Doucement, elle avança vers le jeune homme qui hésita de plus en plus alors qu'il baissa légèrement, sans se rendre compte, le revolver.
« Oui, il t'a fait des choses malsaines, mais ne t'obliges pas à faire quelque chose que tu risques de regretter. Il n'en vaut vraiment pas la peine que tu salisses tes mains pour lui. »
Complètement perdu, Sacha versa silencieusement de nouvelles larmes avant d'abaisser complètement son arme et de sentir Pierre la retirer de sa main rapidement sous les soupirs de soulagement des trois autres personnes. Complètement désemparé, Sacha sanglota dans les bras d'Ondine qui semblait être sous le choc, autant que Pierre et Délia. Cette dernière jaugea négativement Antoine qui devenait à présent son ex-conjoint. Elle lui ordonna de faire ses valises et de quitter le plus rapidement les lieux, malgré son choc face à cette nouvelle. Elle avait encore du mal à croire qu'elle avait vécu avec un pédophile. Oui c'était un pédophile pensa amèrement Délia avant de poser tristement son regard sur son fils qui pleurait chaudement dans les bras de son ex. Elle s'avança vers lui alors que Pierre lui demanda ce qu'il devait faire du revolver.

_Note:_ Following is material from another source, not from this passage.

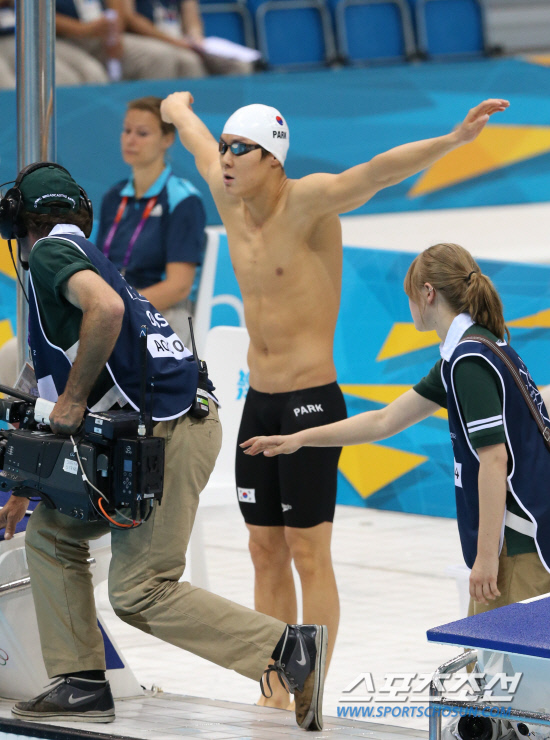 박태환 선수가 29일 런던 올림픽 아쿠아틱스 센터에서 열린 200m 자유형 예선 경기에 출전해 몸을 풀고 있다. 20120729. 런던=올림픽사진공동취재단b
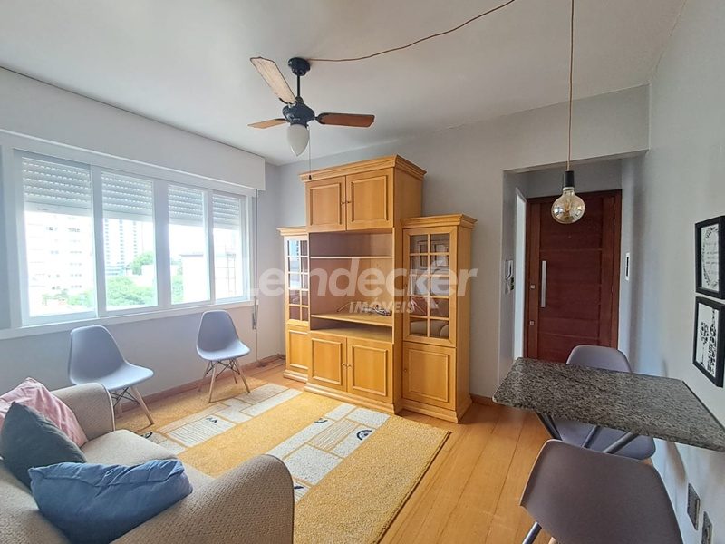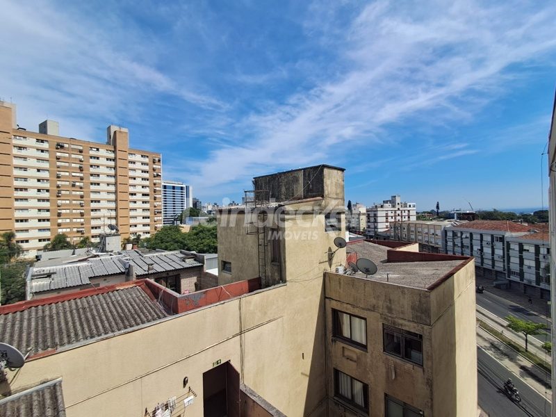 Leindecker imóveis Aluga apartamento de último andar (sétimo andar) com 53,00 m² no bairro Petrópolis, 01 dormitório, posição lateral, sol da tarde e janelas com vista para o horizonte. Apartamento silencioso, não se escuta o tráfego da Protásio Alves.

« Oh, je ne plus voir d'armes ici. Faites en ce que vous voulez. »
Arrivé à la hauteur d'Ondine et de Sacha, elle caressa doucement la joue de ce dernier lui disant plusieurs fois pardon de n'avoir rien vu. Ondine se détacha de son ex, laissant Délia prendre le relais alors qu'elle se mit à l'écart auprès de Pierre. Silencieusement, Délia et Sacha se serrèrent dans les bras sous les regards des deux amis qui réalisaient réellement ce qui venait de se passer.
« Je suis désolée, tellement désolée… »
Délia embrassa son fils sur le front, sentant toujours Sacha se contracter dans ses bras, alors qu'elle se jura à voix haute que plus personne n'aurait le droit de lui faire du mal.